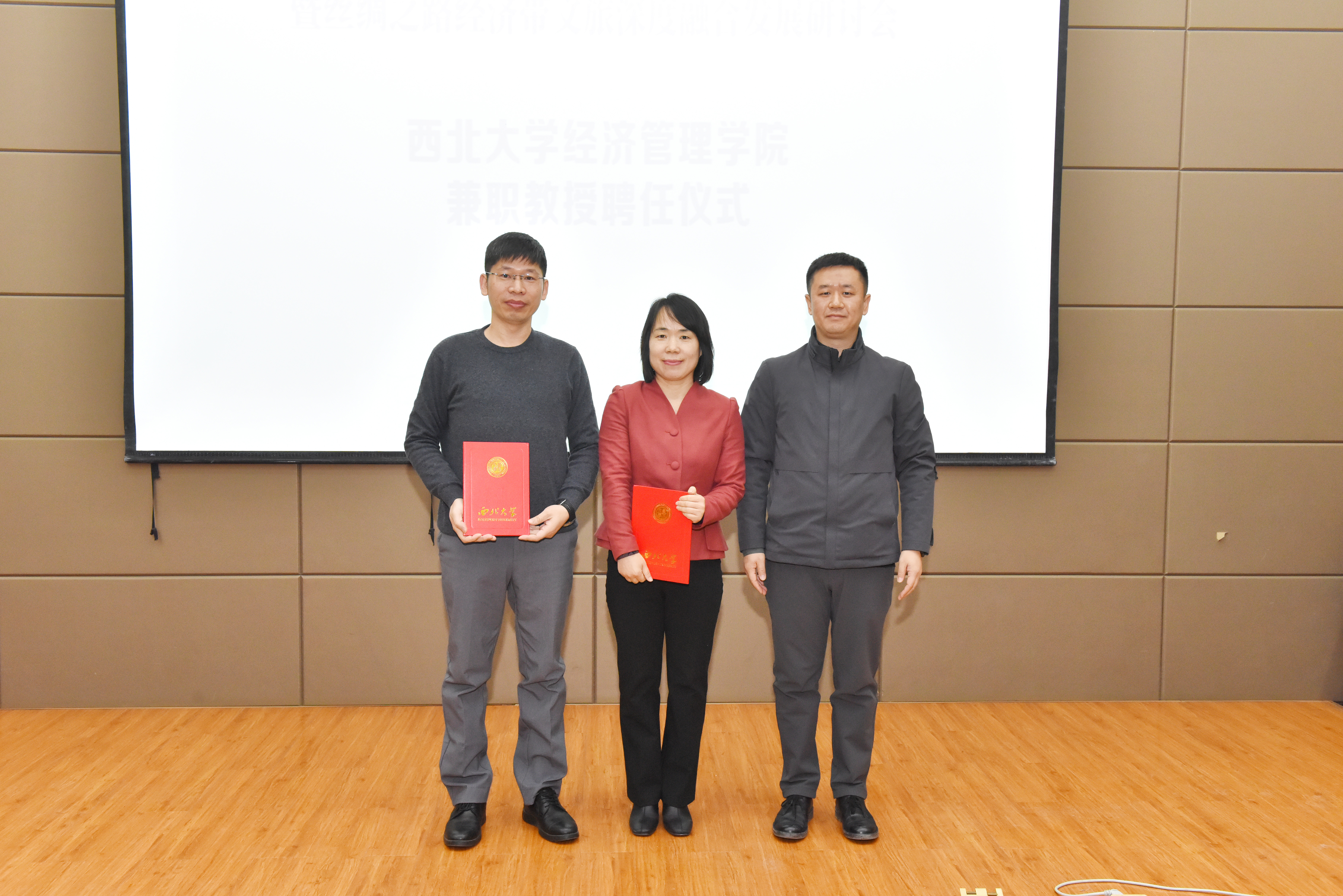 开幕式第二项为兼职教授聘任仪式。由776net必赢官网党委书记杜勇宣读聘任人员简介,由西北大学人力资源部副部长张浩为宋瑞、厉新建、秦宇三位专家颁发西北大学兼职教授聘书。
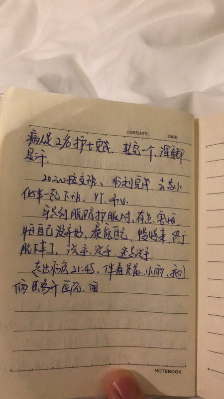 20:00交接班,順利完成……走出病房21:45,伴著小雨,我們離開醫(yī)院。
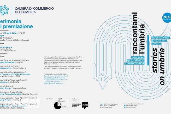 Perugia si prepara a celebrare il giornalismo che sa raccontare il territorio con qualità e profondità. Domani alle ore 12, nella Sala delle Colonne di Palazzo Graziani, si terrà la premiazione della XVI edizione di “Raccontami l’Umbria”, il Premio internazionale promosso dalla Camera di Commercio dell’Umbria e inserito nel programma del Festival Internazionale di Giornalismo.
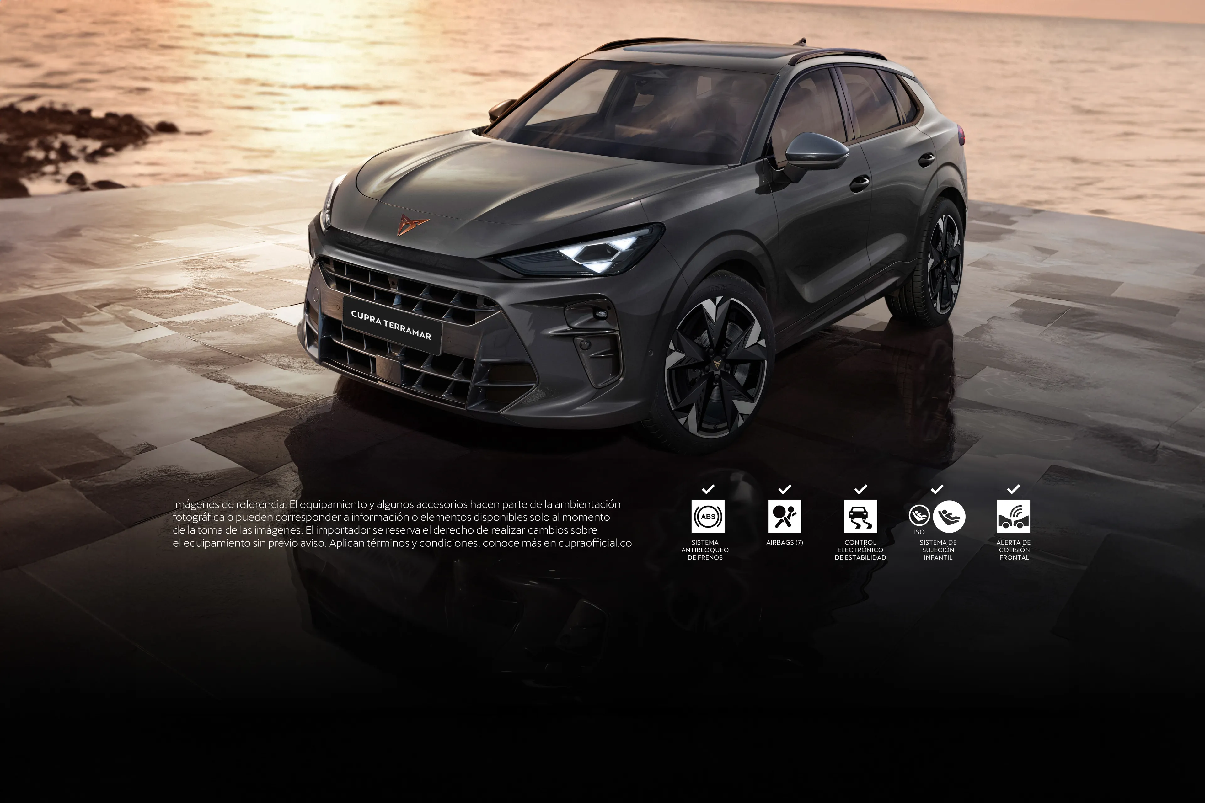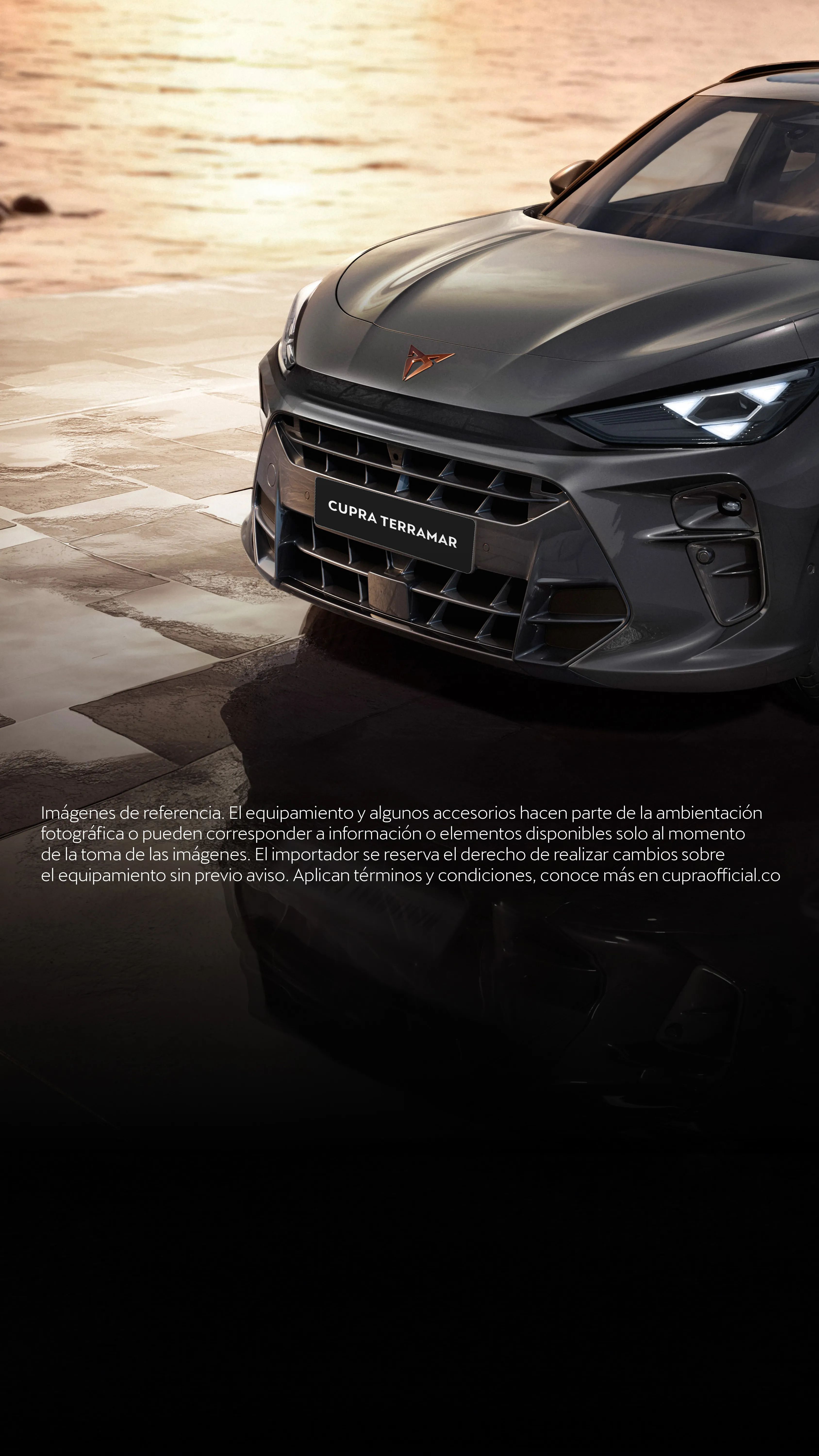 *Imágenes de referencia. Los equipamientos, accesorios y/o colores hacen parte de la ambientación fotográfica o pueden no corresponder con las referencias y modelos comercializados en Colombia o no constituir una referencia exacta del vehículo ofrecido en la red autorizada de concesionarios. Consultar ficha técnica, términos y condiciones disponibles en la página web cupraofficial.co. Oferta válida financiando únicamente con los aliados de Porsche Movilidad Colombia S.A.S. (en adelante “Porsche Movilidad”). Aplica directamente en la red autorizada de concesionarios CUPRA a nivel nacional.
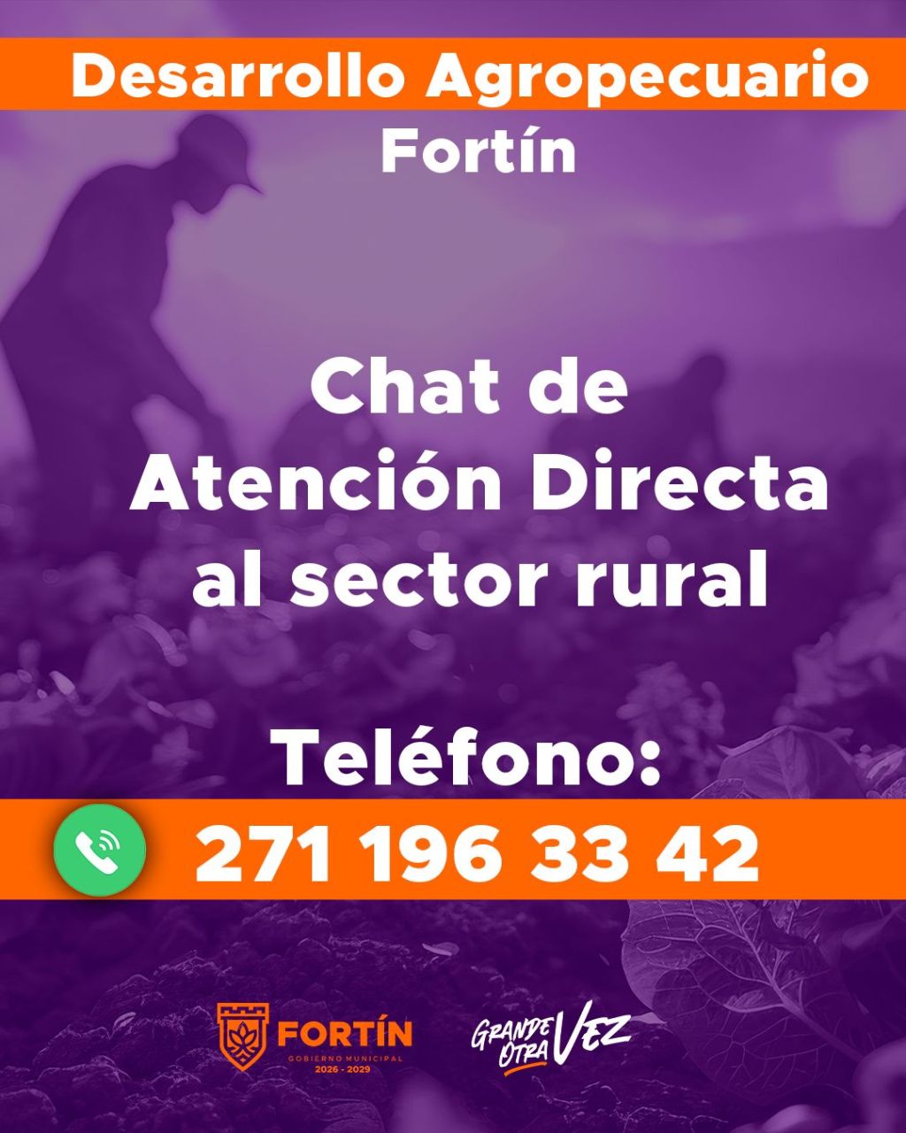 La red social denominada “Coordinación Desarrollo Agropecuario Fortín”, fue abierto con el numero: 271 196 33 42, En ese chat las autoridades municipales compartirán información relevante sobre programas, apoyos y convocatorias. Además de difundir capacitaciones, reuniones y avisos oficiales.

_____

Task goal
Please reproduce all the material exactly. Pictures stay out of the copy.

Written reply
 开幕式第二项为兼职教授聘任仪式。由776net必赢官网党委书记杜勇宣读聘任人员简介,由西北大学人力资源部副部长张浩为宋瑞、厉新建、秦宇三位专家颁发西北大学兼职教授聘书。
 20:00交接班,順利完成……走出病房21:45,伴著小雨,我們離開醫(yī)院。
 Perugia si prepara a celebrare il giornalismo che sa raccontare il territorio con qualità e profondità. Domani alle ore 12, nella Sala delle Colonne di Palazzo Graziani, si terrà la premiazione della XVI edizione di “Raccontami l’Umbria”, il Premio internazionale promosso dalla Camera di Commercio dell’Umbria e inserito nel programma del Festival Internazionale di Giornalismo.
 *Imágenes de referencia. Los equipamientos, accesorios y/o colores hacen parte de la ambientación fotográfica o pueden no corresponder con las referencias y modelos comercializados en Colombia o no constituir una referencia exacta del vehículo ofrecido en la red autorizada de concesionarios. Consultar ficha técnica, términos y condiciones disponibles en la página web cupraofficial.co. Oferta válida financiando únicamente con los aliados de Porsche Movilidad Colombia S.A.S. (en adelante “Porsche Movilidad”). Aplica directamente en la red autorizada de concesionarios CUPRA a nivel nacional.
 La red social denominada “Coordinación Desarrollo Agropecuario Fortín”, fue abierto con el numero: 271 196 33 42, En ese chat las autoridades municipales compartirán información relevante sobre programas, apoyos y convocatorias. Además de difundir capacitaciones, reuniones y avisos oficiales.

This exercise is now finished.